I absolutely agree with this. I never wanted kids and it wasn’t until a late hormonal surge that gave me an overwhelming desire to have kids, that I had them in my early 40s.

But in my happily childless days I never disliked kids or put down those who had them. People who pissed me off by challenging my lack of wish to have children did, but never people simply by being children or being parents.

I think this poster had hit the nail on the head that the extraordinary vitriol of some is based in cultural misogyny.

KimberleyClark · 02/06/2024 11:26

Pronatalism is in itself misogynistic- it reduces women’s value to their reproductive capacity.

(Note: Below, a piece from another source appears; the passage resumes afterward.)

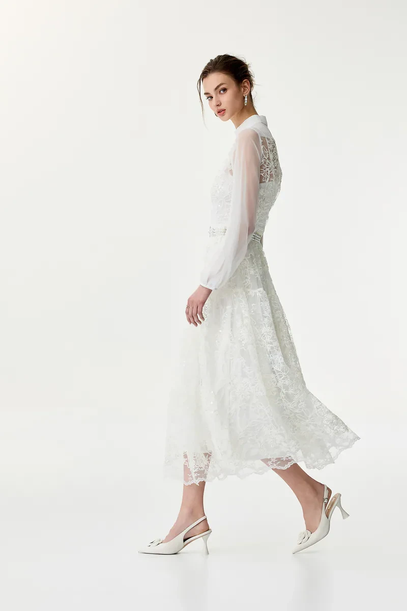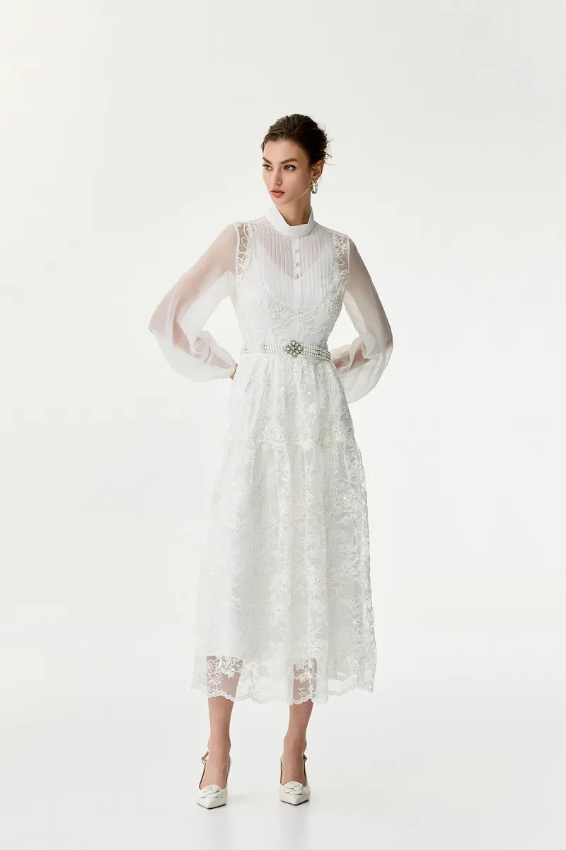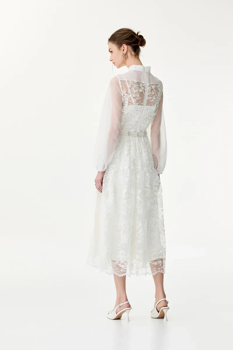 Three-dimensional lace flower dress long dress

Neurodiversitydoctor · 02/06/2024 11:27

OptimismvsRealism · 02/06/2024 11:21

Unemployed young people who have been replaced by tech won't help with pensions - they'll be a drain in the form of the support they need to compensate for their obsolescence as workers.

So who is paying for your pension if working age adults are not needed in your vision of the future ? Is the massively elderly population cared for by robots ? You still haven't told me if you have actually watched it, or why if the falling birthrate is a non problem why governments across the world are trying to reverse it ? Your narrative is 20 years out of date.

daliesque · 02/06/2024 11:27

for them to be uninterested in your DC seems unreasonable to me, even if they don’t like children generally, which is fair enough, they could make an effort to take an interest in yours as they are your friends, your not a random person.

Nope it's really not unreasonable for a group of friends who have all, but one, decided not to have children (or maybe not to have been able to) to not be interested in children.

The OP, bluntly, either accepts her friends as they are or gets herself a new group.

MrsDTucker · 02/06/2024 11:28

I hate most kids. Most I know are whiney nasty spoiled. Mine aren't like this. Mine don't lie which is something I can't stand.